The next day (June 26), Arnold was interviewed by reporters at the East Oregonian in Pendleton, Oregon. At first the reporters were skeptic of him, but that soon evaporated. A Welsh historian later noted:

Arnold had the makings of a reliable witness. He was a respected businessman and experienced pilot... and seemed to be neither exaggerating what he had seen, nor adding sensational details to his report. He also gave the impression of being a careful observer... These details impressed the newspapermen who interviewed him and lent credibility to his report.

Mike Dash  //  Historian

Arnold was also interviewed by the Associated Press. After his interview, he complained:

This whole thing has gotten out of hand. I want to talk to the FBI or someone. Half the people look at me as a combination of Einstein, Flash Gordon and screwball. I wonder what my wife back in Idaho thinks.

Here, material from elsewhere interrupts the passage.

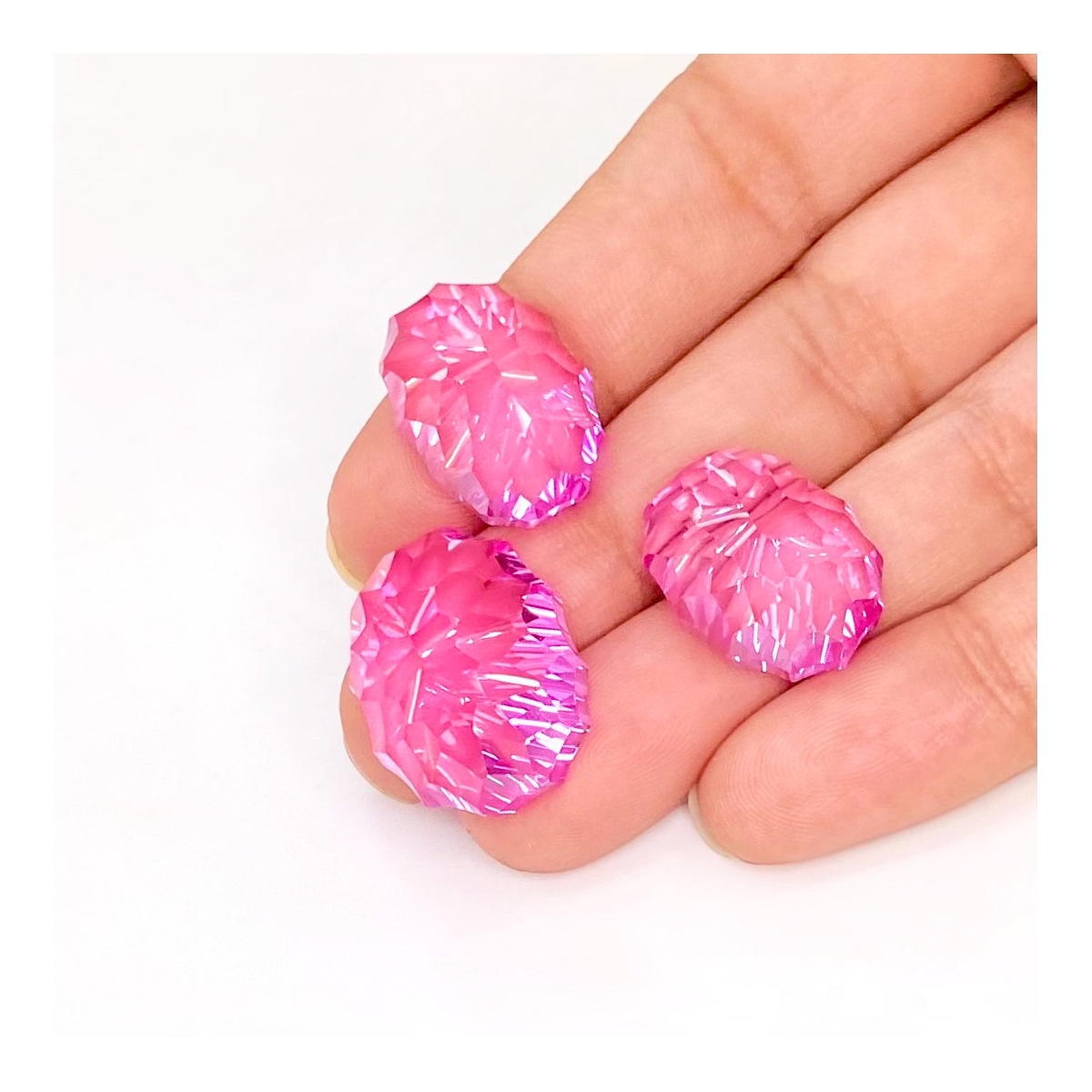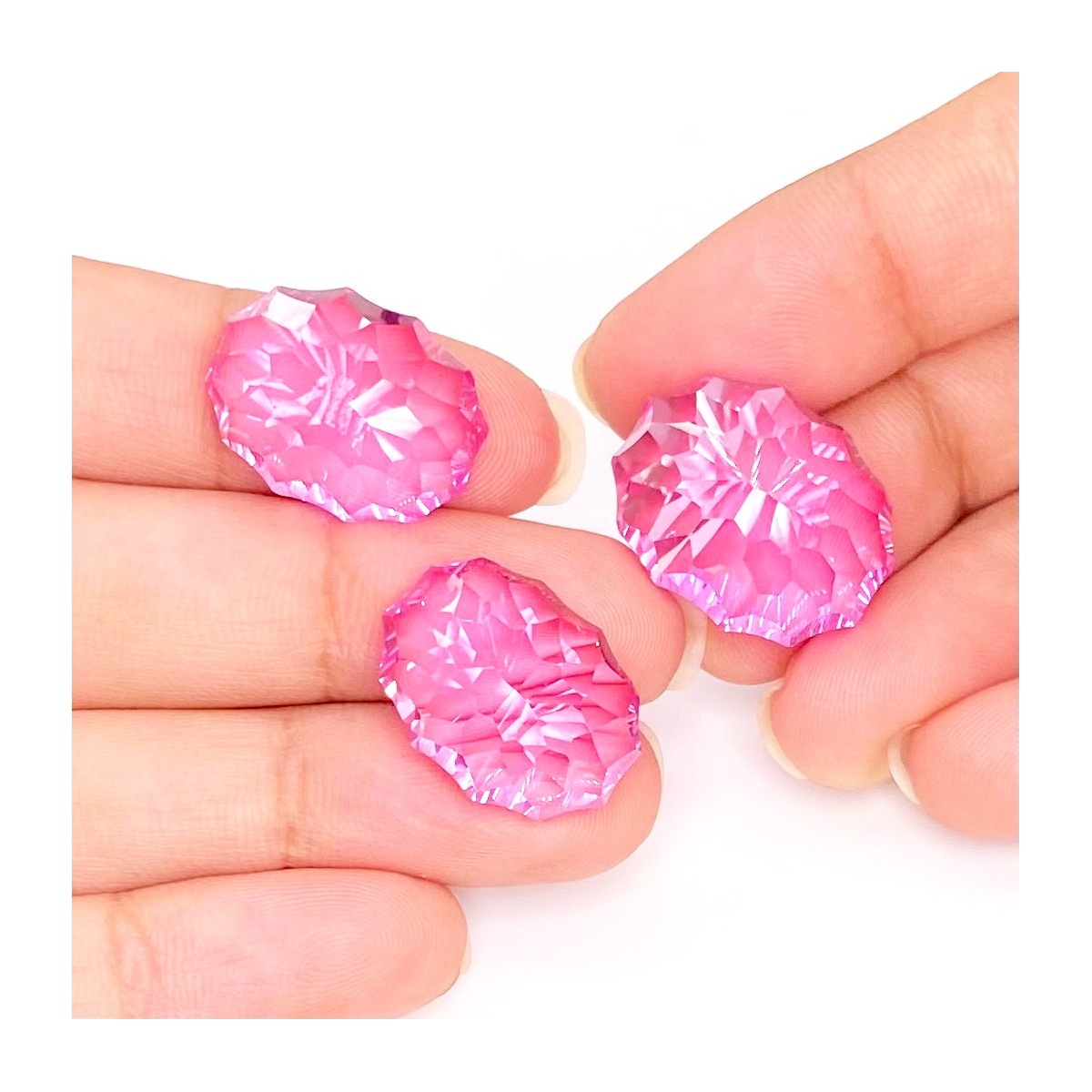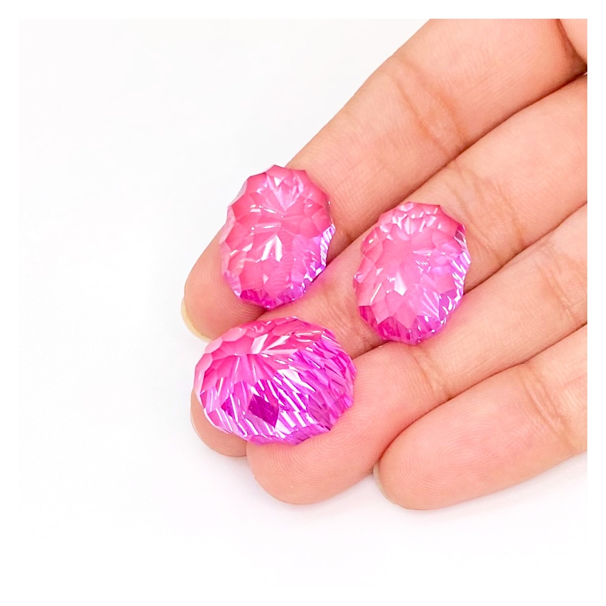 Buy This "AAA" Grade 18x14-20x16mm Concave Cut Oval Shape Created Lab Pink Sapphire (Lab Grown) Matched Cabochons Set. You Will Receive 3 Pcs. With a Total Weight of 88.45 Carat. This Lab Pink Sapphire Stone is Originated From Russia and Masterfully Handcrafted by The Experienced Artisans of Jaipur (India).

Kenneth Arnold  //  July 1947

There were multiple other people who corroborated Arnold's story in addition to the crew of a United Airlines flight: a man in Richland, Washington; a woman in Yakima; and a member of the Washington State Forest Service. Other newspapers around Seattle also had reports of seeing flashes in the sky on the same day. Throughout July 1947, Arnold thought more about what he had seen, and became even more convinced the flashes he saw were of extraterrestrial origin.

In 1949 he was interviewed by the Saturday Evening Post, and said "Since my first observations and report of the so-called 'flying disks' I have spent a great deal of money and time thoroughly investigating the subject... There is no doubt in my mind but what these objects are aircraft of a strange design, and material that is unknown to the civilization of this earth."

1950 rolled around, and Arnold did an interview with a broadcaster named Edward R. Murrow where he claimed he had three additional sightings of nine spacecraft since his first sighting.

Newspaper reports of Arnold's 1947 sighting coined the term we know so well today: "flying saucer."

Just over a week after Arnold's first encounter, a rancher near Corona, New Mexico brought debris found on his farm to the Roswell Sheriff's Office. He believed it to be from a UFO that crashed near his house a few weeks prior.